Nella terza parte Eleonora Canepari ha spiegato la complessità del milieu musicale romano nei suoi dettagli, esaminando vari esempi di famiglie musiciste e di rapporti tra musicisti e protettori. Normalmente, la parentela controllava la scelta del mestiere dei figli che lavoravano spesso nelle stesse istituzioni dei padri e fratelli. Questo non valeva solo per professioni alti come per i notai, ma anche per professioni umili come bastari che erano però sempre al servizio di cardinali-protettori. Anche il rapporto con i mecenati era molto complesso perché spesso i musicisti, per l’accumulo di vari opportunità di lavoro, erano costretti ad avere una doppia fedeltà sia al protettore sia all’istituzione dove lavoravano occasionalmente. Mentre dal punto di vista economico il gruppo dei musicisti raggiunge dei valori medi di guadagno con un salario di ca. 4 scudi al mese, esso era molto complesso dal punto di vista sociale: Ai legami di parentela e alla residenza comune di musicisti si aggiungevano forme di associazione basate sul mestiere, come la congregazione Santa Cecilia, ma anche reti di clientela al di là del mestiere che coincidevano comunque con l’ambiente professionale.

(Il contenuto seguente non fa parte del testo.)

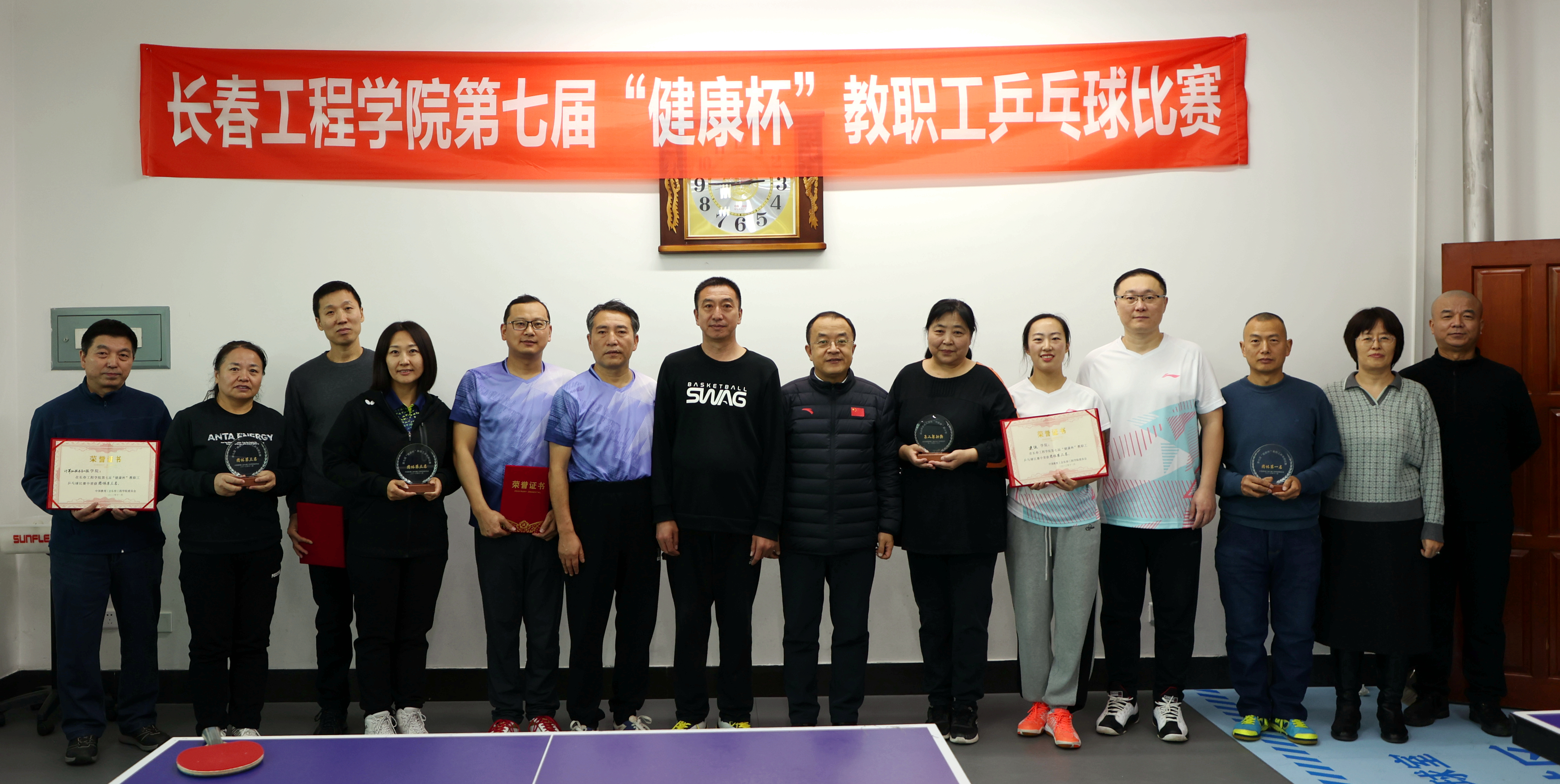 为丰富和活跃我校教职工的业余文化生活,加强乒乓球爱好者之间的交流,12月13日,由校工会、体育教研部主办,教工乒乓球协会承办的学校第七届“健康杯”教工乒乓球团体及个人决赛在教工活动中心乒乓球活动室圆满落幕。
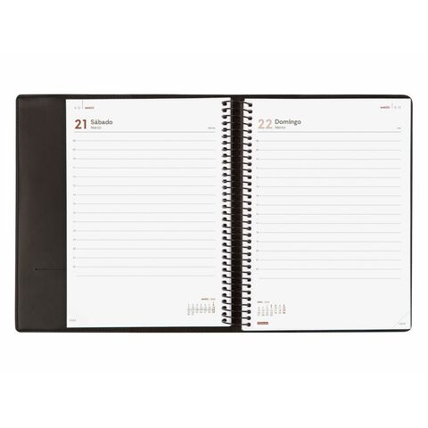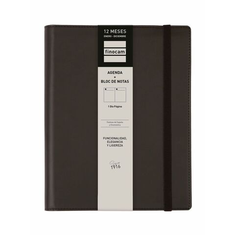Finocam-ի DUOBAND պլանավորիչը պարուրաձև պլանավորիչ է, որը համատեղում է ֆունկցիոնալությունը և նրբագեղ դիզայնը՝ շարժական և սեղանադիր ձևաչափով, որը նման է A5-ին (մոտավորապես 15.5 x 21.2 սմ): Դրա կազմը պատրաստված է սև սինթետիկ կաշվից, ապահովելով էլեգանտ ձևավորում և հարմար ամրություն ամենօրյա օգտագործման համար, մինչդեռ էջերը պատրաստված են 70 գրամ FSC քլոր չպարունակող թղթից, ապահովելով գրելու և նշումներ կատարելու օպտիմալ որակ: Այս պլանավորիչն ունի առաձգական ժապավենով փակվող ժապավեն, որը ամեն ինչ պահում է անվտանգ, ինչպես նաև ներքին գրպան՝ փաստաթղթեր կամ լրացուցիչ նշումներ պահելու համար: Դրա պարուրաձև կազմը թույլ է տալիս լիարժեք բացել և արագ մուտք գործել միկրո-անցքերով անկյունների միջոցով, որոնք նշում են ընթացիկ օրը կամ շաբաթը: Տարեկան բովանդակությունը ներառում է օգտակար տեղեկատվություն, ինչպիսիք են անվանական օրերը և ազգային տոները, դասավորված 12-ամսյա օրացույցով (հունվարից դեկտեմբեր)՝ մեկ օր մեկ էջում ձևաչափով, ինչը հեշտացնում է մանրամասն և հստակ կազմակերպումը: Բացի այդ, այն գալիս է առանձին տետրով, որը միշտ տրամադրում է դատարկ թերթեր, իդեալական է արագ նշումների համար և նաև հասանելի է որպես լրացում, բարելավելով դրա ֆունկցիոնալությունը և կյանքի տևողությունը: Կազմը փոխարինելի է, ինչը թույլ է տալիս պահպանել այն և թարմացնել միայն պարուրաձև ներքին մասը ամեն տարի, նույնիսկ վերօգտագործել այն որպես այլ գրքերի կամ տետրերի կազմ: Ամբողջ արտադրանքը նախատեսված է այն օգտատերերի համար, ովքեր կարիք ունեն գործնական, դիմացկուն և գեղագիտականորեն նուրբ պլանավորողի մասնագիտական կամ անձնական օգտագործման համար՝ Finocam-ին բնորոշ բազմակողմանիությամբ և ոճով: Ընդհանուր առմամբ, DUOBAND պլանավորիչը ներկայացնում է նրբագեղության, հարմարավետության և օգտակարության հավասարակշռված լուծում՝ ամենօրյա ժամանակի և առաջադրանքների կառավարման համար։
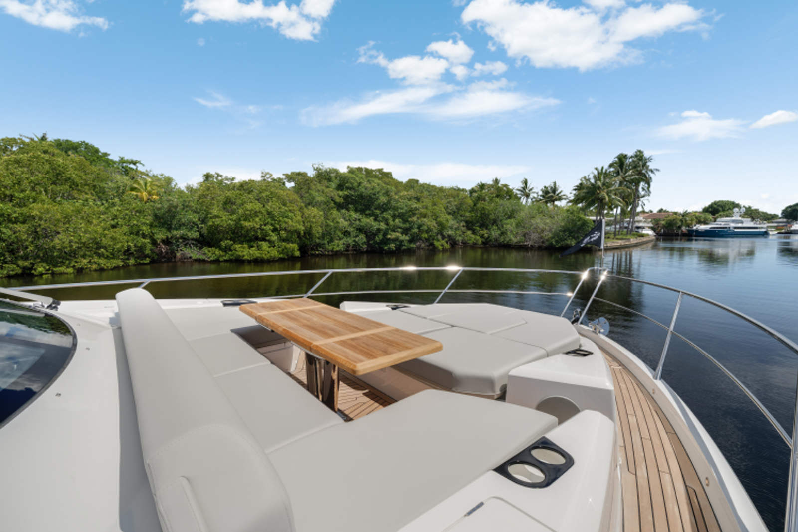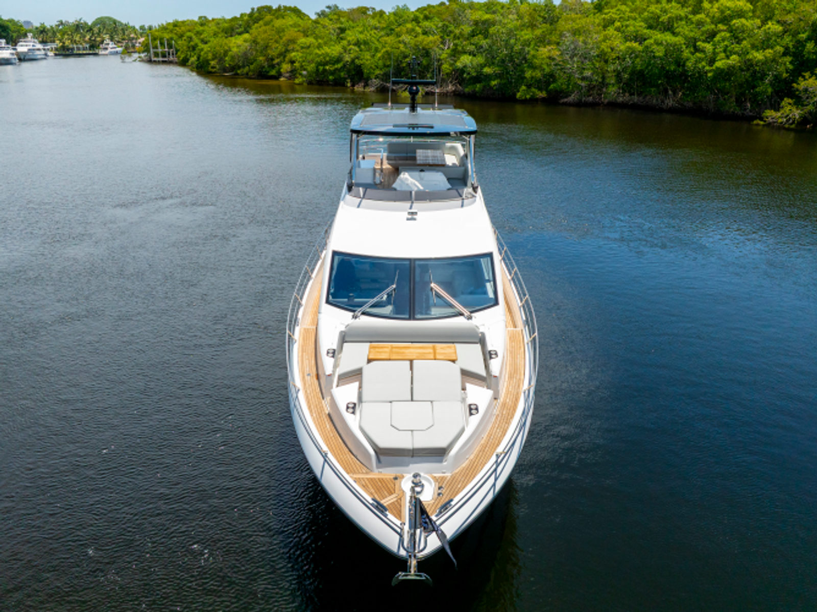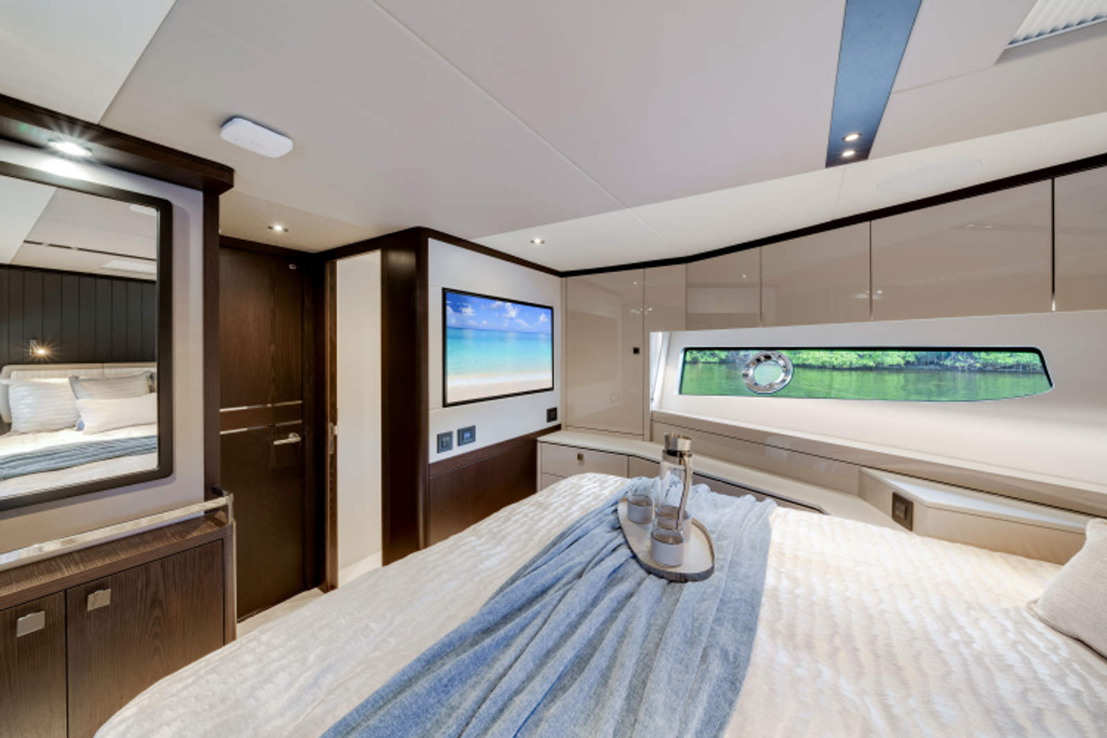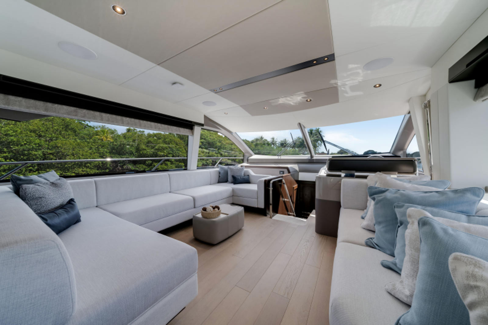The fully-equipped aft galley with a large dinette links seamlessly to the cockpit via full-width sliding doors, helping to bring everyone together. The innovative design layout allows yachting owners to welcome guests with a strong focus on ambient lighting and interior detailing. Access to the spacious guest and master cabins is via the lower helm and elevated companion seating. The interiors boast exquisite attention to detail with a new palate of upholstery that provides a cool, crisp, and contemporary look, unmistakably a Manhattan.
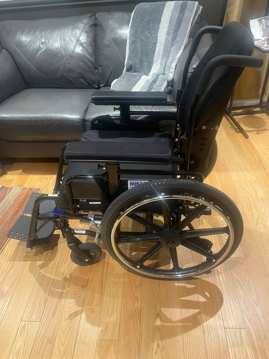 Selling a black wheelchair in great condition. It's perfect for anyone needing mobility assistance. It is lightweight and portable
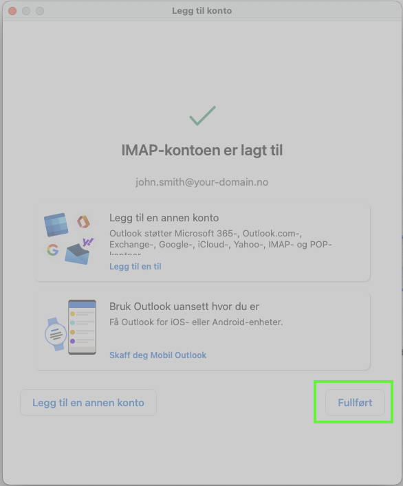 - Din konto er nå lagt til. Du kan velge å legge til flere kontoer. Er du ferdig trykker du "Fullført".
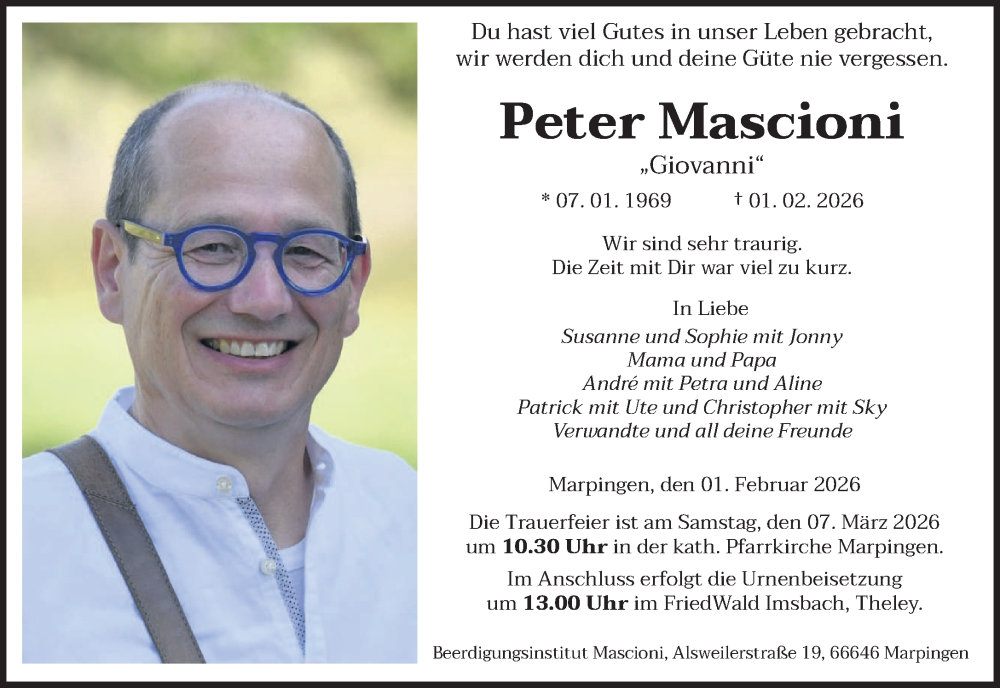 Hier finden Sie alle Traueranzeigen aus der Zeitung, die bisher für Peter Mascioni erschienen sind. Weitere Traueranzeigen, die in der Zeitung erscheinen, werden hier ebenfalls aufgelistet
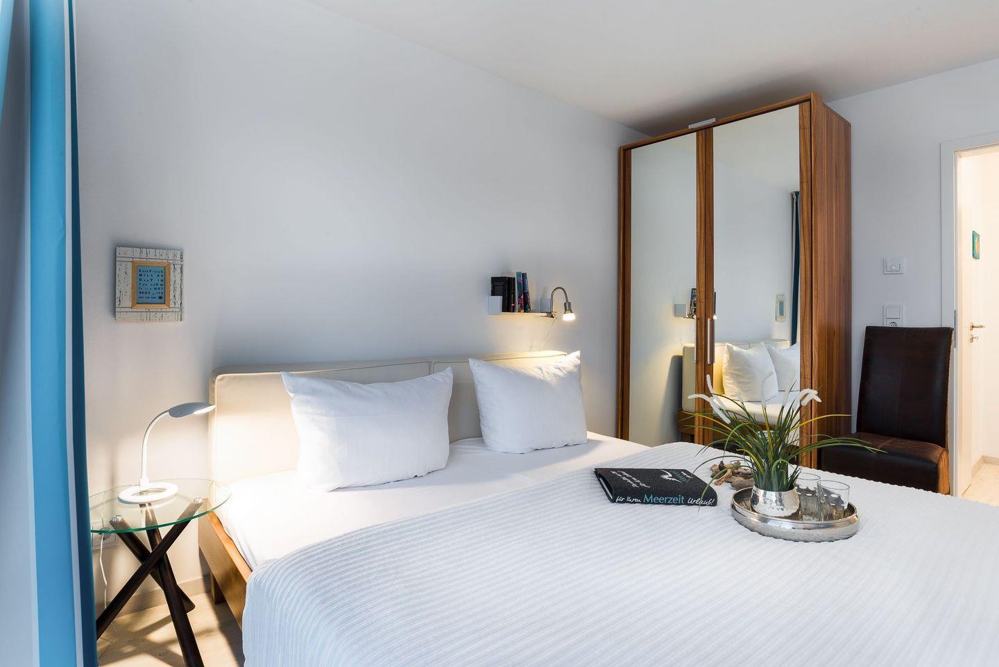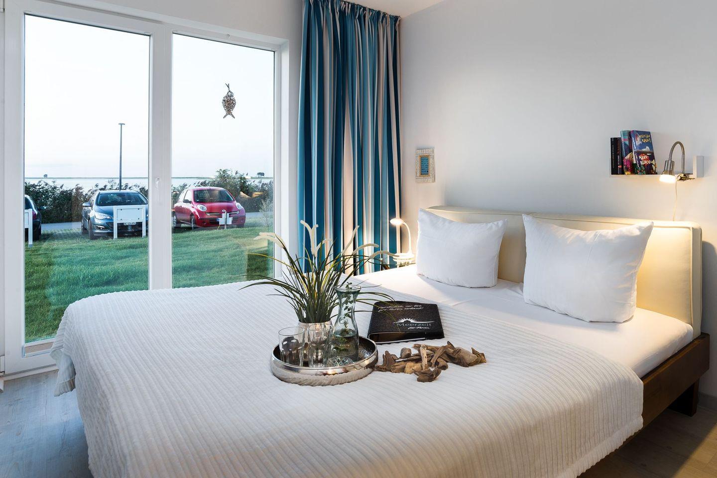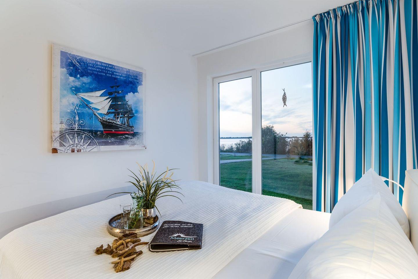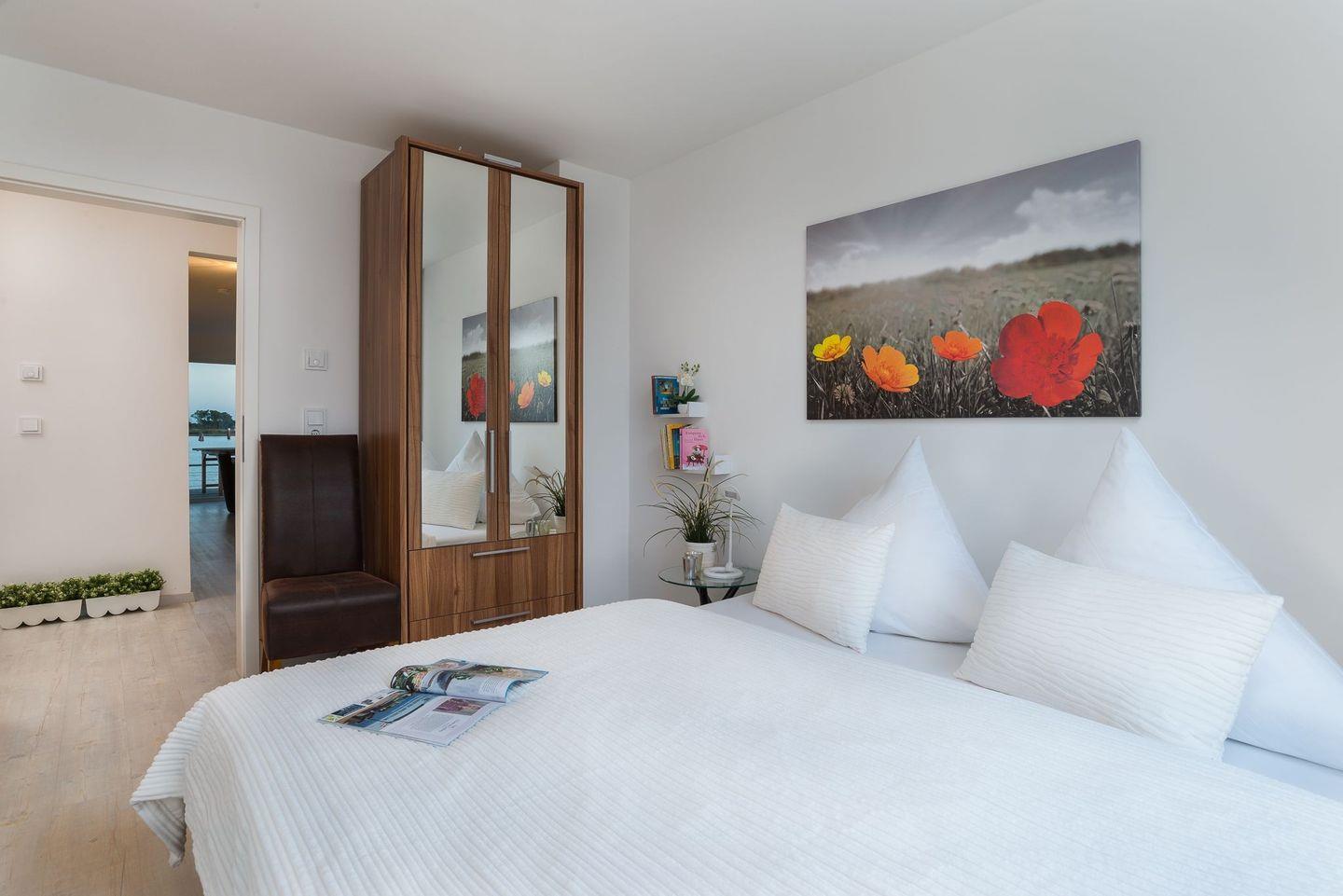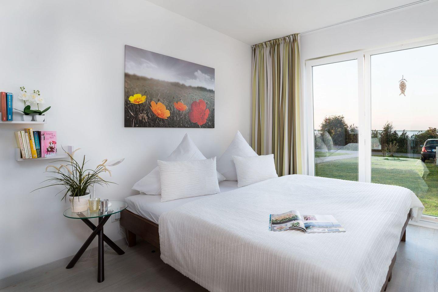 Die Schlafzimmer sind nach Nord/Ost ausgerichtet und garantieren den Blick auf einen wunderbaren Sonnenaufgang über der Schleimündung mit Leuchtturm. Ein Schlafzimmer verfügt über ein gemütliches Doppelbett (1,80 x 2,00), das andere Schlafzimmer über zwei Einzelbetten (0,90 x 2,00). In beiden Schlafzimmer befinden sich hochwertige Matratzen, moderne Kleiderschränke und Nachttische.
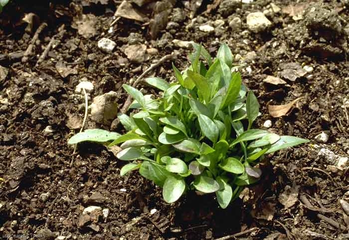 Feuilles de la rosette arrondies et pétiolées, couvertes de poils blanchâtres ; feuilles suivantes obovales, à limbe progressivement atténué en pétiole.
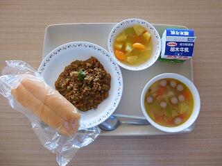 今日の給食は、背割りコッペパン、ドライカレー、牛乳、Winnerスープ、マスカットのジュレポンチです。
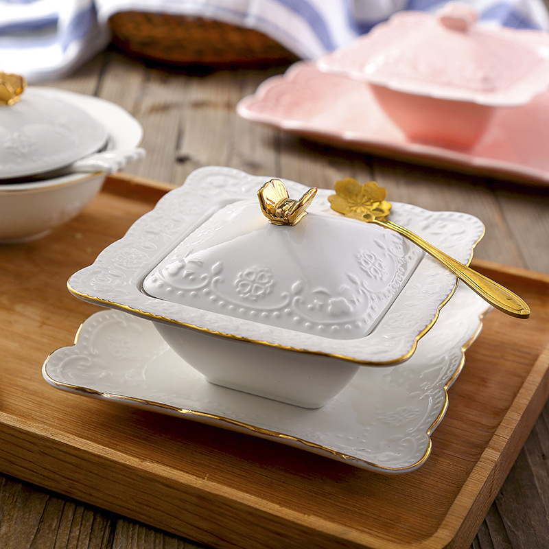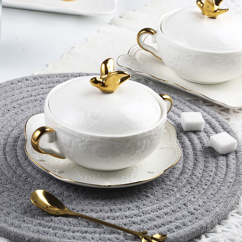 ヨーロッパ式のツバメの巣の碗の双耳は蓋のデザートの碗の杯を持って水をあけて杯の銀の耳のあめの水のスープの碗の陶磁器の食器を煮込んで卵の碗を蒸します

Le conclusioni di Eleonora Canepari hanno aperto una discussione molto viva sul milieu sociale ed economico dei musicisti nella Roma sei- e settecentesca. Per relativizzare l’impatto “nazionale” che finora aveva dominato la ricerca, bisogna estendere la ricerca d’archivio sia sulle fonti come i processi matrimoniali presentati da Eleonora Canepari, sia su altre cappelle e istituzioni musicali romani. Per comprendere la situazione complessa dei musicisti romani e stranieri tra reti sociali e necessità economiche, la pista più importante da seguire sarà l’approfondimento delle ricerche biografiche. Attraverso una tale ricerca le istituzioni “nazionali” appariranno come una risorsa tra le altre. Inoltre la ricerca biografica considererà il musicista straniero come individuo, vuol dire anche nel suo spirito più aperto o chiuso per stabilire delle relazioni con i milieu romani della musica. Quest’approccio coincide non solo con gli studi di Arnaldo Morelli sulla mediazione dei musicisti nell’ambito delle strutture di patronage, ma anche con quelli di David Bryant che basa le sue ricerche relative alla vita musicale veneziana su fonti della storia sociale ed economica, ma questo ci spiegherà sicuramente oggi nel suo intervento.